> **SOURCE MATERIAL**:
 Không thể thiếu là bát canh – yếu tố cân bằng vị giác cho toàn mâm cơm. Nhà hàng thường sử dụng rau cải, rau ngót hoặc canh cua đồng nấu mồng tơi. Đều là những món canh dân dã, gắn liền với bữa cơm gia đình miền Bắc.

---

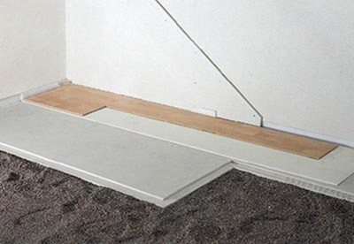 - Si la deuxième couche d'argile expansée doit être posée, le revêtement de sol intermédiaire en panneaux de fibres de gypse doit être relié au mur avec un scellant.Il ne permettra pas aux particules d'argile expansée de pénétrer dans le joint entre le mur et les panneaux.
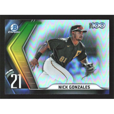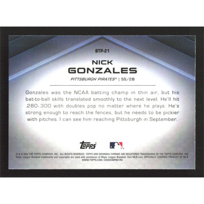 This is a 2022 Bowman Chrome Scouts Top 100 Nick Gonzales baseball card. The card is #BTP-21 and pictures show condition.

> **ABOUT THIS EXERCISE**:
Transcribe only this stretch of the data: the line with "- Si la deuxième", the line with "This is a 2022", and every line in between. Leave out the pictures.

> **ANSWER SECTION**:
 - Si la deuxième couche d'argile expansée doit être posée, le revêtement de sol intermédiaire en panneaux de fibres de gypse doit être relié au mur avec un scellant.Il ne permettra pas aux particules d'argile expansée de pénétrer dans le joint entre le mur et les panneaux.
 This is a 2022 Bowman Chrome Scouts Top 100 Nick Gonzales baseball card. The card is #BTP-21 and pictures show condition.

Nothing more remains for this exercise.